*** DATA TO USE ***

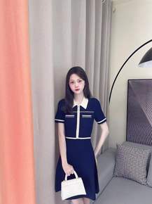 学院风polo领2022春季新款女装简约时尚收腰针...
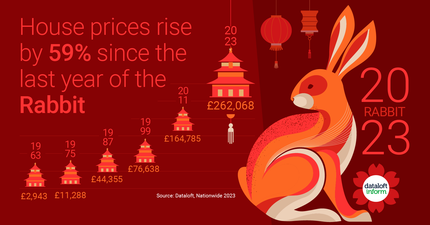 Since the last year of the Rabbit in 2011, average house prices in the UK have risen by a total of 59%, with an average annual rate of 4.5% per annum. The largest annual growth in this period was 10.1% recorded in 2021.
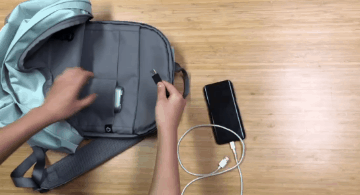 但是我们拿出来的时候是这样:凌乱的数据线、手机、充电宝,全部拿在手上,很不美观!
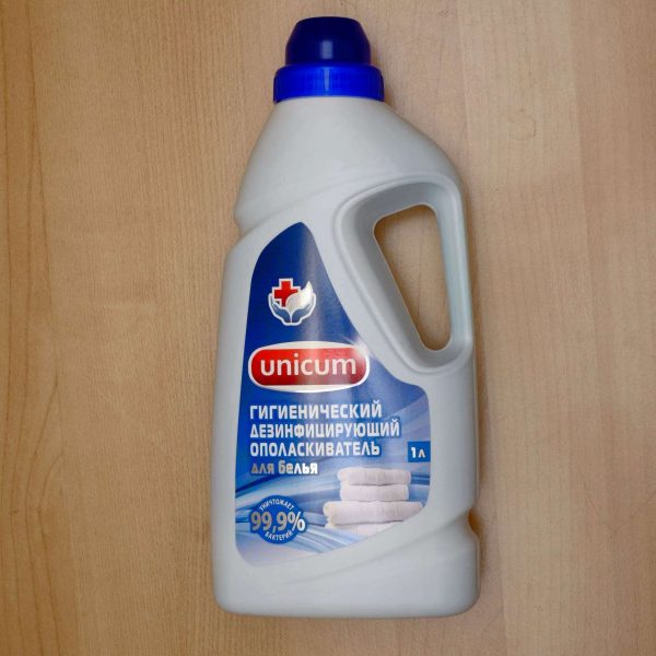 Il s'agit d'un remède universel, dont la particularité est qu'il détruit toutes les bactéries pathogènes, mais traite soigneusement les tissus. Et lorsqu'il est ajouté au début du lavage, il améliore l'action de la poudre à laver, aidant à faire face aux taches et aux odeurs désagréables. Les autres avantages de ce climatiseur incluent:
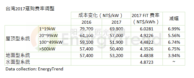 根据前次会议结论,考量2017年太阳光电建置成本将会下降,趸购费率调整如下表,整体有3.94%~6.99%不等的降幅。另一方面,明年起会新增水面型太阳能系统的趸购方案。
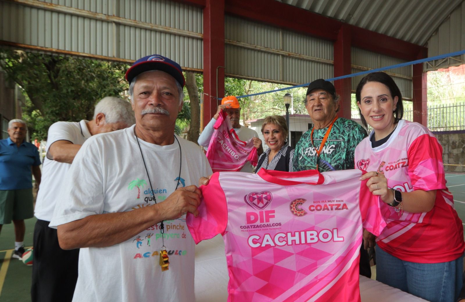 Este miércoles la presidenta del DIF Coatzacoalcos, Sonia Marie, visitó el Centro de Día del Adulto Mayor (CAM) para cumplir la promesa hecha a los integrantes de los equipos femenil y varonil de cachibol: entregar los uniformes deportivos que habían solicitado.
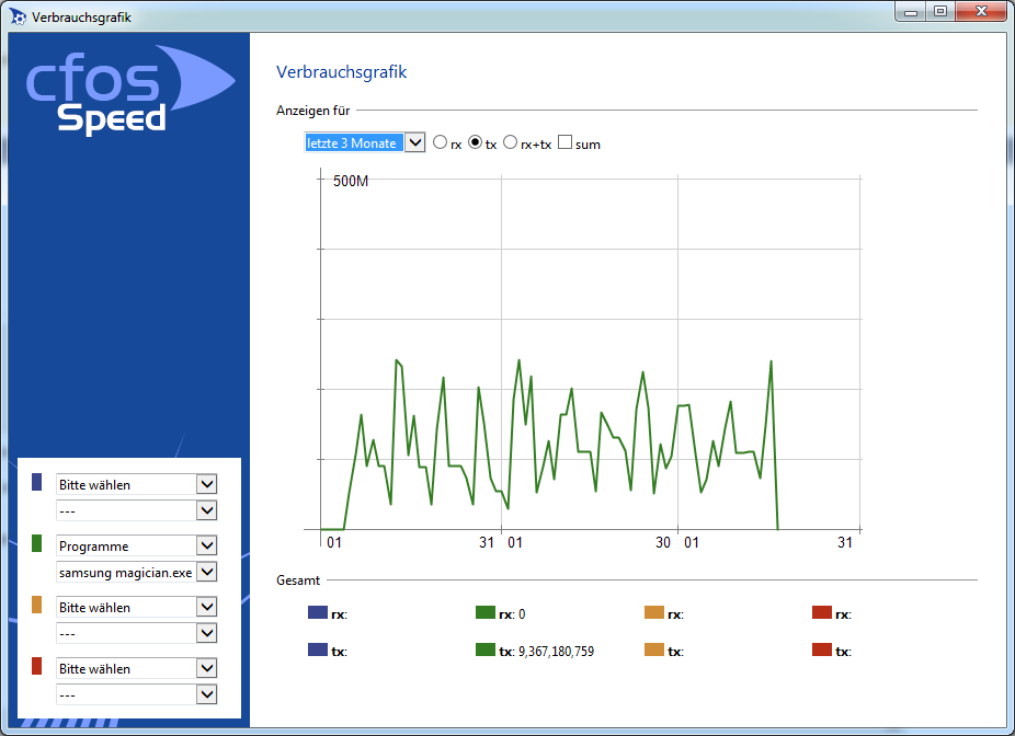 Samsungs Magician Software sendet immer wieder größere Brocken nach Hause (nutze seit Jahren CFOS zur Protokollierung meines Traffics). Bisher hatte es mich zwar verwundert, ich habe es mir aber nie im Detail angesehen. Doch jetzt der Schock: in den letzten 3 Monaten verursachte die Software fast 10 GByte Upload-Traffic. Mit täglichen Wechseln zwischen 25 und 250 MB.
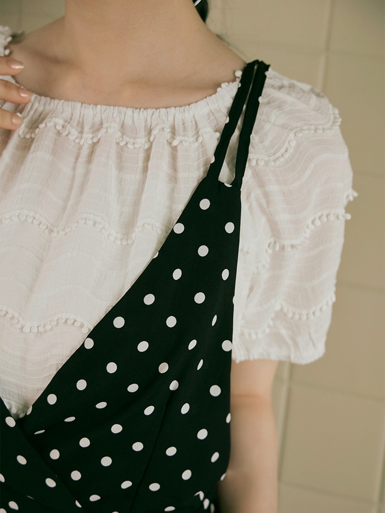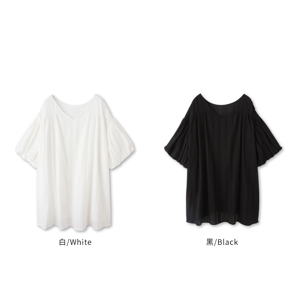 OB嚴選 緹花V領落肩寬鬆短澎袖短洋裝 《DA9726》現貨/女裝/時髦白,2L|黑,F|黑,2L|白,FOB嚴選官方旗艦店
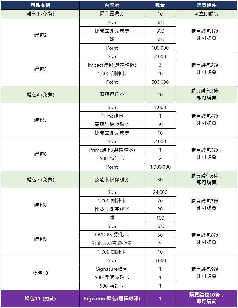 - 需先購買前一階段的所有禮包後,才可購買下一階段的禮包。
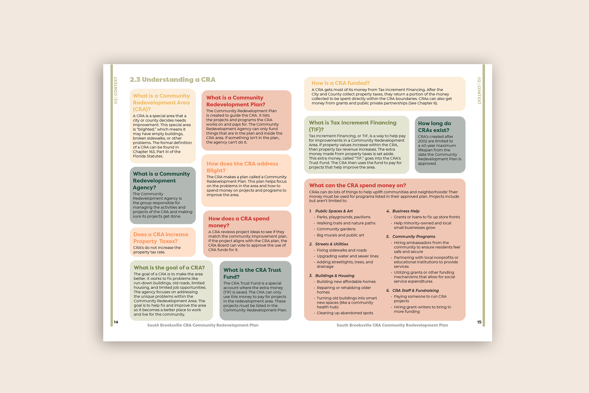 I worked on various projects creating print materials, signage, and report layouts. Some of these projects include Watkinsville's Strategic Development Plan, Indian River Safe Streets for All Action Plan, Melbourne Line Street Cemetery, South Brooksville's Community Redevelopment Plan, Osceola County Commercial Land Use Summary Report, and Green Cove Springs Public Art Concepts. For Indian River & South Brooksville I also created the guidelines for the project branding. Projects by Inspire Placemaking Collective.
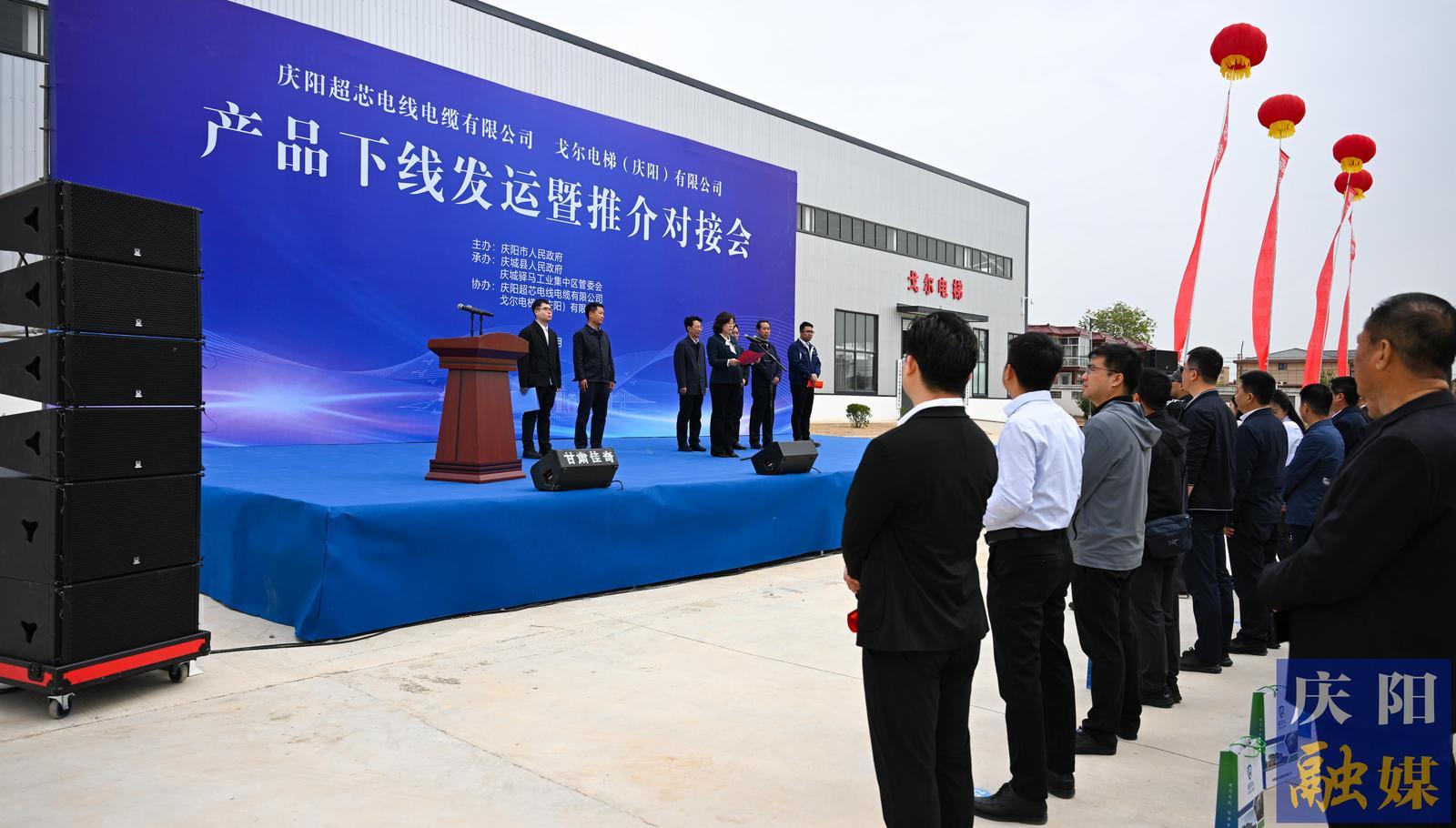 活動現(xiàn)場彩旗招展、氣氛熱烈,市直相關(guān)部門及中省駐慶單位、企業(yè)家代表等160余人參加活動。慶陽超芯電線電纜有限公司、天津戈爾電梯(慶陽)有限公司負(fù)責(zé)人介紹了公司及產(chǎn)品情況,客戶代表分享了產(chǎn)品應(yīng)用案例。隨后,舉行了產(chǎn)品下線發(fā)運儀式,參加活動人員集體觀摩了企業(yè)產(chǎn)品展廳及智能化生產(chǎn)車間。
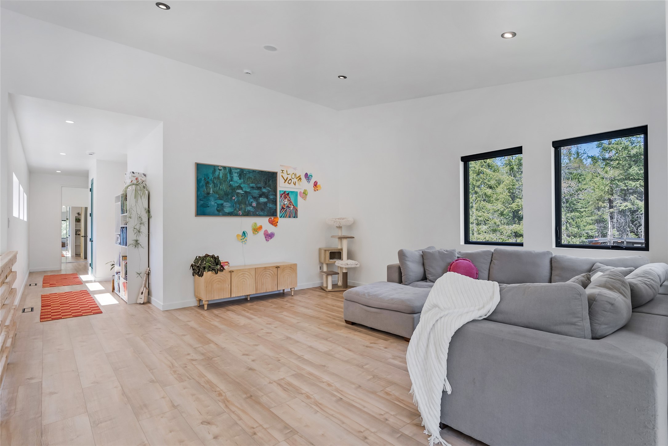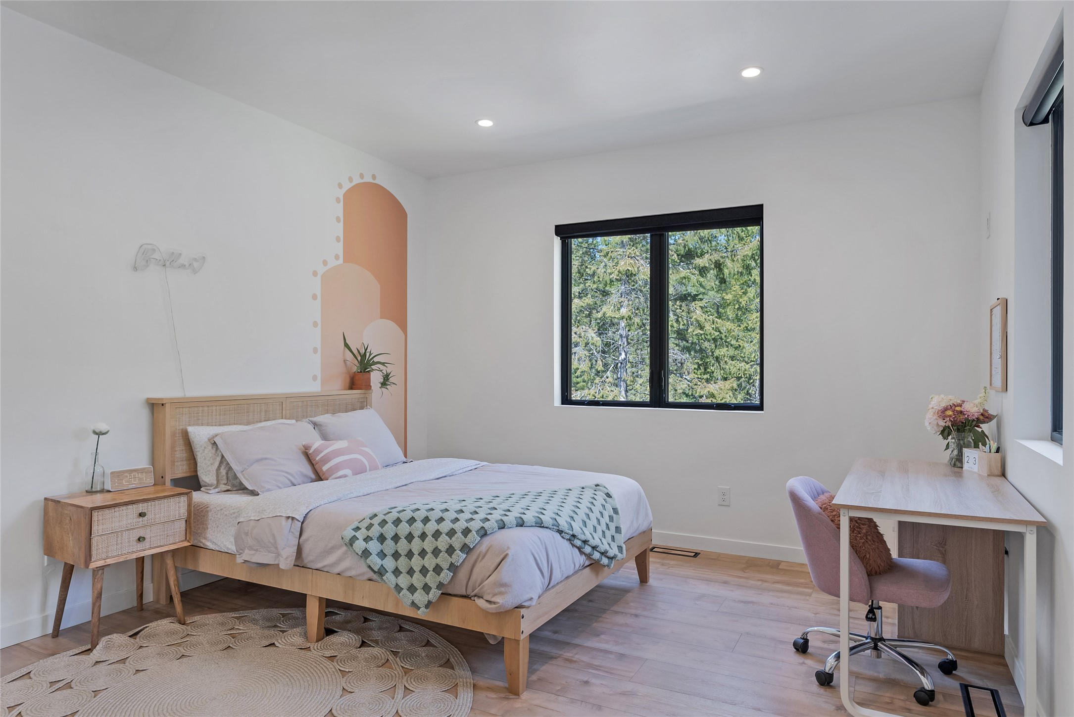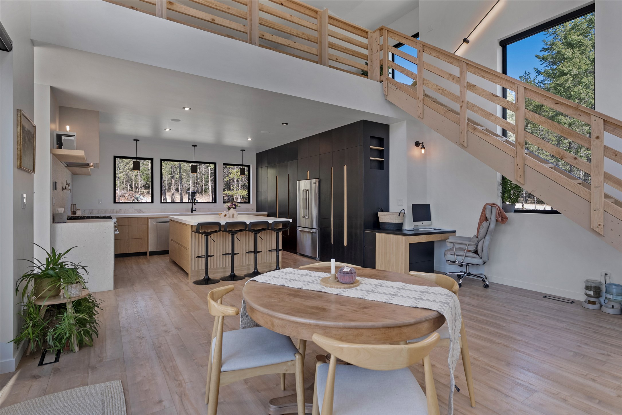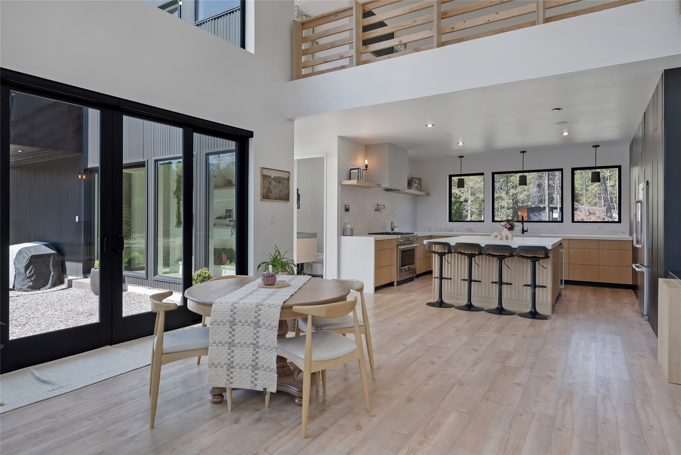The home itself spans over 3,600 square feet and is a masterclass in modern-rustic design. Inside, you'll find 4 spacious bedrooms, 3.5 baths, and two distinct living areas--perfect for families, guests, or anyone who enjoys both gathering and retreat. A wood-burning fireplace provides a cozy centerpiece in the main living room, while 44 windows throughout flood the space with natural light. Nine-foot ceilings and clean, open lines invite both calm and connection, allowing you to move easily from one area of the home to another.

***

Your answer should be every line above, written out exactly, with no pictures.

 学院风polo领2022春季新款女装简约时尚收腰针...
 Since the last year of the Rabbit in 2011, average house prices in the UK have risen by a total of 59%, with an average annual rate of 4.5% per annum. The largest annual growth in this period was 10.1% recorded in 2021.
 但是我们拿出来的时候是这样:凌乱的数据线、手机、充电宝,全部拿在手上,很不美观!
 Il s'agit d'un remède universel, dont la particularité est qu'il détruit toutes les bactéries pathogènes, mais traite soigneusement les tissus. Et lorsqu'il est ajouté au début du lavage, il améliore l'action de la poudre à laver, aidant à faire face aux taches et aux odeurs désagréables. Les autres avantages de ce climatiseur incluent:
 根据前次会议结论,考量2017年太阳光电建置成本将会下降,趸购费率调整如下表,整体有3.94%~6.99%不等的降幅。另一方面,明年起会新增水面型太阳能系统的趸购方案。
 Este miércoles la presidenta del DIF Coatzacoalcos, Sonia Marie, visitó el Centro de Día del Adulto Mayor (CAM) para cumplir la promesa hecha a los integrantes de los equipos femenil y varonil de cachibol: entregar los uniformes deportivos que habían solicitado.
 Samsungs Magician Software sendet immer wieder größere Brocken nach Hause (nutze seit Jahren CFOS zur Protokollierung meines Traffics). Bisher hatte es mich zwar verwundert, ich habe es mir aber nie im Detail angesehen. Doch jetzt der Schock: in den letzten 3 Monaten verursachte die Software fast 10 GByte Upload-Traffic. Mit täglichen Wechseln zwischen 25 und 250 MB.
 OB嚴選 緹花V領落肩寬鬆短澎袖短洋裝 《DA9726》現貨/女裝/時髦白,2L|黑,F|黑,2L|白,FOB嚴選官方旗艦店
 - 需先購買前一階段的所有禮包後,才可購買下一階段的禮包。
 I worked on various projects creating print materials, signage, and report layouts. Some of these projects include Watkinsville's Strategic Development Plan, Indian River Safe Streets for All Action Plan, Melbourne Line Street Cemetery, South Brooksville's Community Redevelopment Plan, Osceola County Commercial Land Use Summary Report, and Green Cove Springs Public Art Concepts. For Indian River & South Brooksville I also created the guidelines for the project branding. Projects by Inspire Placemaking Collective.
 活動現(xiàn)場彩旗招展、氣氛熱烈,市直相關(guān)部門及中省駐慶單位、企業(yè)家代表等160余人參加活動。慶陽超芯電線電纜有限公司、天津戈爾電梯(慶陽)有限公司負(fù)責(zé)人介紹了公司及產(chǎn)品情況,客戶代表分享了產(chǎn)品應(yīng)用案例。隨后,舉行了產(chǎn)品下線發(fā)運儀式,參加活動人員集體觀摩了企業(yè)產(chǎn)品展廳及智能化生產(chǎn)車間。
The home itself spans over 3,600 square feet and is a masterclass in modern-rustic design. Inside, you'll find 4 spacious bedrooms, 3.5 baths, and two distinct living areas--perfect for families, guests, or anyone who enjoys both gathering and retreat. A wood-burning fireplace provides a cozy centerpiece in the main living room, while 44 windows throughout flood the space with natural light. Nine-foot ceilings and clean, open lines invite both calm and connection, allowing you to move easily from one area of the home to another.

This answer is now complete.